[Entries taken from a collection]
——————
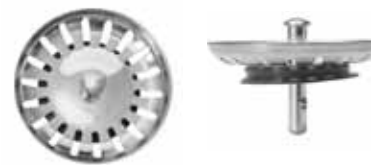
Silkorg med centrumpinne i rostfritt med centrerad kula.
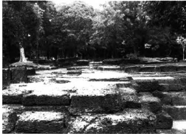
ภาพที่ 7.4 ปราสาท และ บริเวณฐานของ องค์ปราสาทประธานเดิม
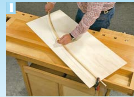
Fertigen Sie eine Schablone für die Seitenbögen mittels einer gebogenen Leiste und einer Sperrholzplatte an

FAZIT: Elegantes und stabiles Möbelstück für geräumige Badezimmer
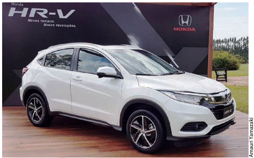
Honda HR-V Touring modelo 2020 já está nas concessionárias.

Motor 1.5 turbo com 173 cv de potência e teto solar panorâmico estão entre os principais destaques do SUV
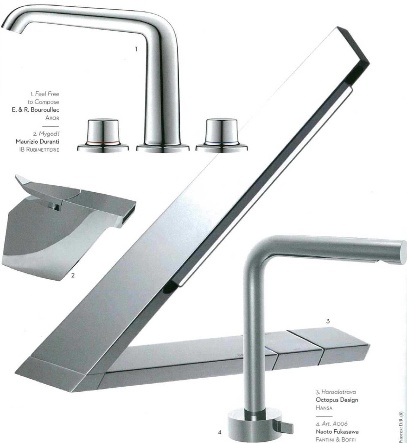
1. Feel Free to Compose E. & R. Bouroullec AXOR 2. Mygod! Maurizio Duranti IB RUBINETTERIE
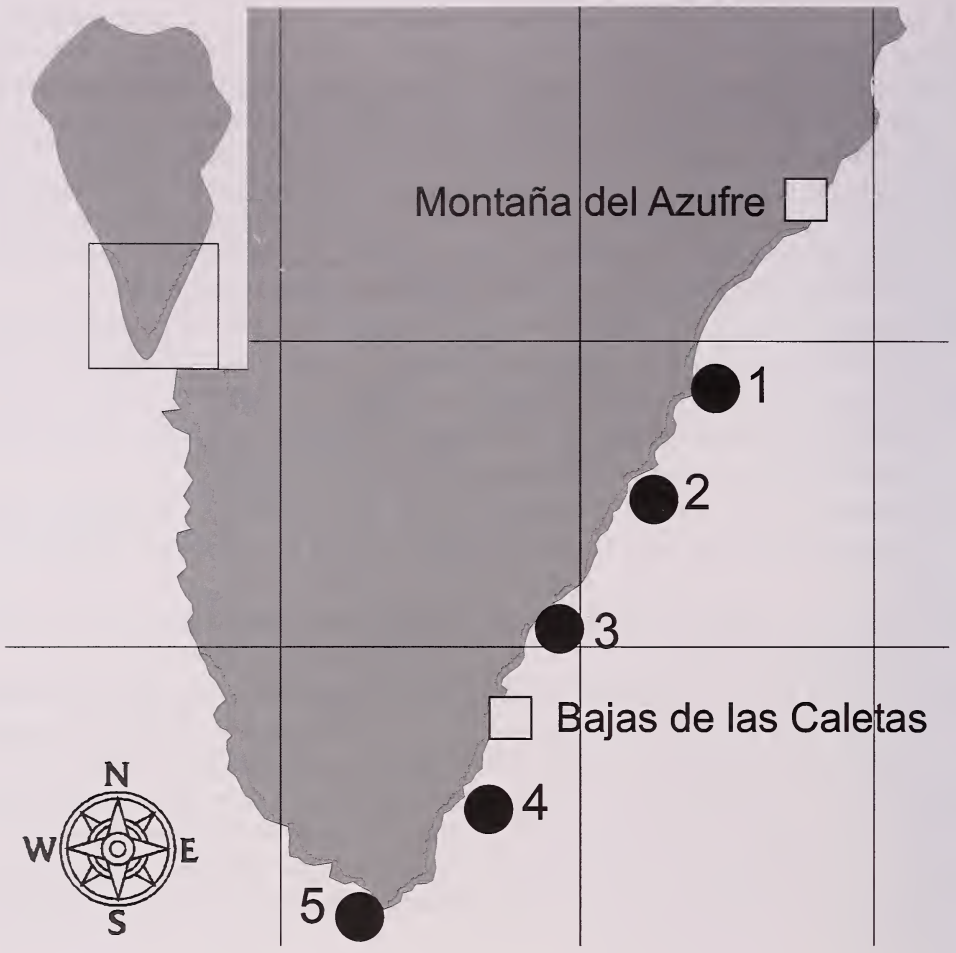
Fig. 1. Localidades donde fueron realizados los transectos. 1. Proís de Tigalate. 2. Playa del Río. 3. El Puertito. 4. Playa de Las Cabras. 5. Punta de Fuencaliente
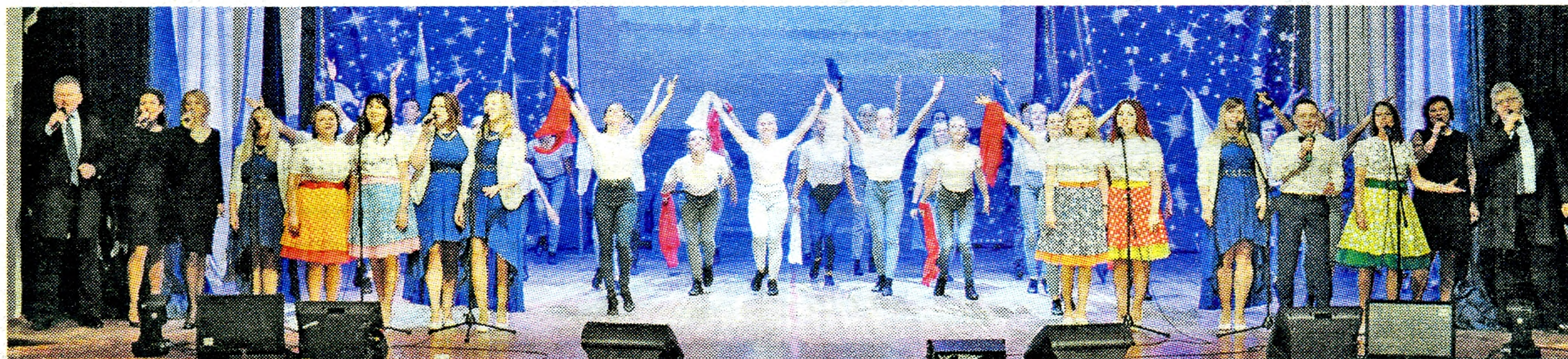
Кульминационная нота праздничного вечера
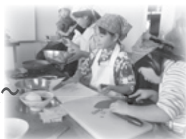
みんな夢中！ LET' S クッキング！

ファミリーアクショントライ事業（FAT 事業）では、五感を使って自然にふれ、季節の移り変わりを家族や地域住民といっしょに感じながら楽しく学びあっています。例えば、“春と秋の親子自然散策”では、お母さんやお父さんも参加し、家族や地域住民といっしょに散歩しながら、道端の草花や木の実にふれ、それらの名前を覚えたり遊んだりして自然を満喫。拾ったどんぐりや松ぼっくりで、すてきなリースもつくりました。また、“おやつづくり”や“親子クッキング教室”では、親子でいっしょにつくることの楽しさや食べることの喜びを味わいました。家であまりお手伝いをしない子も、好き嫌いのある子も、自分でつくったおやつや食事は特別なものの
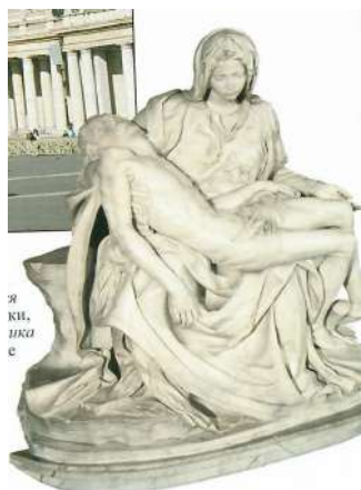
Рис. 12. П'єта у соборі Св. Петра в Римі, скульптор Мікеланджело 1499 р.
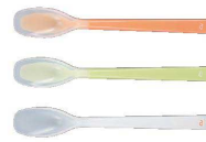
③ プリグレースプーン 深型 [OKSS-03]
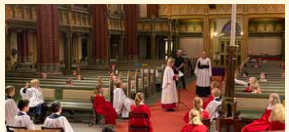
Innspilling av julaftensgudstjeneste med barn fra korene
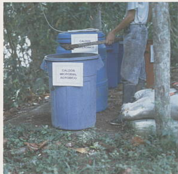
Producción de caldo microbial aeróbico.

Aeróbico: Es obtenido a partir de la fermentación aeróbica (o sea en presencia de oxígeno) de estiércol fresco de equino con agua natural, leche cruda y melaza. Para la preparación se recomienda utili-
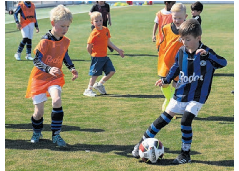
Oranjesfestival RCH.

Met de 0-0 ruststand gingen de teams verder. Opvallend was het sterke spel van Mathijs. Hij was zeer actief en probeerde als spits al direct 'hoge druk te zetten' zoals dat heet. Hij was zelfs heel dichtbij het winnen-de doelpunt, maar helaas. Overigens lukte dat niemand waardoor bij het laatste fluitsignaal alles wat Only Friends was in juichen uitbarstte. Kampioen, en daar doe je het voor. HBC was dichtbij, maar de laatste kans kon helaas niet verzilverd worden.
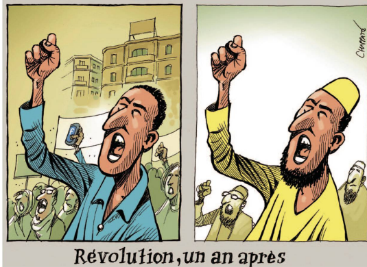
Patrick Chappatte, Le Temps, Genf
——————
WHAT YOU NEED TO DO → The answer must be the part of the records that opens with the line containing "Producción de caldo microbial aeróbico." and closes with the line containing "Oranjesfestival RCH.", reproduced exactly, with no pictures.

REPLY →
Producción de caldo microbial aeróbico.

Aeróbico: Es obtenido a partir de la fermentación aeróbica (o sea en presencia de oxígeno) de estiércol fresco de equino con agua natural, leche cruda y melaza. Para la preparación se recomienda utili-
Oranjesfestival RCH.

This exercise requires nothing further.